H. 4408 -- Reps. Meacham, Neilson, Sandifer, Bailey, Govan, Woodrum, McKay, Kirsh, Martin, Maddox, Canty, Mullen, Young-Brickell, Byrd, Inabinett, Neal, McGee, D. Smith, Lanford and Rice: A BILL TO AMEND THE CODE OF LAWS OF SOUTH CAROLINA, 1976, BY ADDING SECTION 39-5-25 SO AS TO MAKE IT AN UNFAIR OR DECEPTIVE ACT OR PRACTICE IN THE CONDUCT OF TRADE OR COMMERCE FOR A PERSON WHO MAILS CERTAIN MERCHANDISE CATALOGUES OR CERTAIN BROCHURES, LEAFLETS, FLYERS, OR OTHER ITEMS OF MAIL TO A RECIPIENT TO FAIL TO HONOR THE RECIPIENT'S REQUEST THAT THE MAILER CEASE SENDING SUCH CATALOGUES, BROCHURES, LEAFLETS, FLYERS, OR OTHER ITEMS OF MAIL AND TO PROVIDE FOR RELATED MATTERS.
The Labor, Commerce and Industry Committee proposed the following Amendment No. 1 (Doc Name P:\AMEND\KGH\15618AC.98), which was adopted.
Amend the bill, as and if amended, by striking all after the enacting words and inserting:
/SECTION 1. The 1976 Code is amended by adding:
"Section 39-5-25. (A) A person who mails a merchandise catalogue, brochure, leaflet, or flyer to a resident of this State which advertises or promotes a product or service and in any manner solicits the recipient to purchase or contract for any goods or services or to participate in any event that requires or implies that to receive such goods or services or to participate in the event, a consumer must pay money or purchase merchandise through the mail, shall provide somewhere on the catalogue, brochure, leaflet, or flyer a clear statement in legible type in contrast by typography, layout, or color with other printed matter explaining how the recipient can request that the mailer cease sending the catalogue, brochure, leaflet, or flyer to the recipient.
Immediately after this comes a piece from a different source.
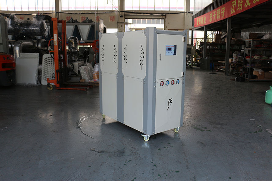 1、風(fēng)冷式吹膜機(jī)冷卻降溫用冰水機(jī),通過風(fēng)扇以空氣為冷凝方式的控溫設(shè)備,有箱式和螺桿式;

The mailer shall honor the request if made by the recipient.
(B) This section does not apply to mailed requests for voluntary donations for non-profit organizations or other entities which are exempt from income taxation if the organization's or entity's taxation records are open to public inspection.
(C) Violation of this section constitutes an unfair or deceptive act or practice in the conduct of trade or commerce under Section 39-5-20 and subjects the violator to the provisions of this article.
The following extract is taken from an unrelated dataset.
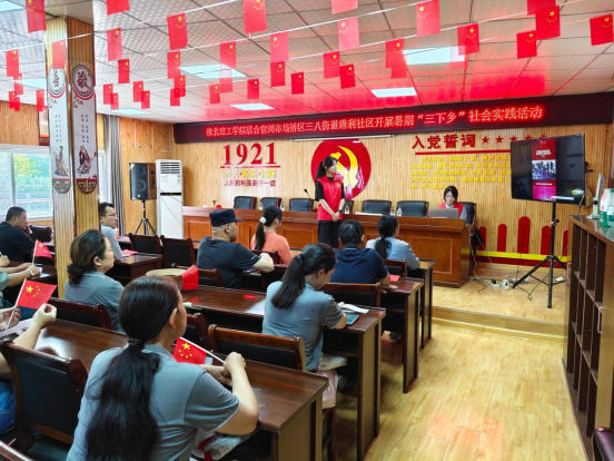 7月2日,实践队以淮海战役为主题,在港利社区党群活动中心对当地党员同志及群众代表进行红色故事宣讲。大家通过观看淮海战役的历史影像资料,深入探讨淮海战役中蕴含的伟大精神,红色精神在交流中得到进一步传承与弘扬。活动在众人齐唱《歌唱祖国》的激昂歌声中圆满结束。

(D) Upon a finding by the Attorney General of South Carolina that subsection (A) of this section has been violated, the Attorney General may issue an explicit written warning to the violator to cease and desist. Upon a finding by the Attorney General that subsection (A) has been violated a second time, the Attorney General may take action to enforce this article."
SECTION 2. This act takes effect ninety days after approval by the Governor./
Renumber sections to conform.
Amend totals and title to conform.
Rep. LAW explained the amendment.
The amendment was then adopted.
The Bill, as amended, was read the second time and ordered to third reading.
The following Bill was taken up.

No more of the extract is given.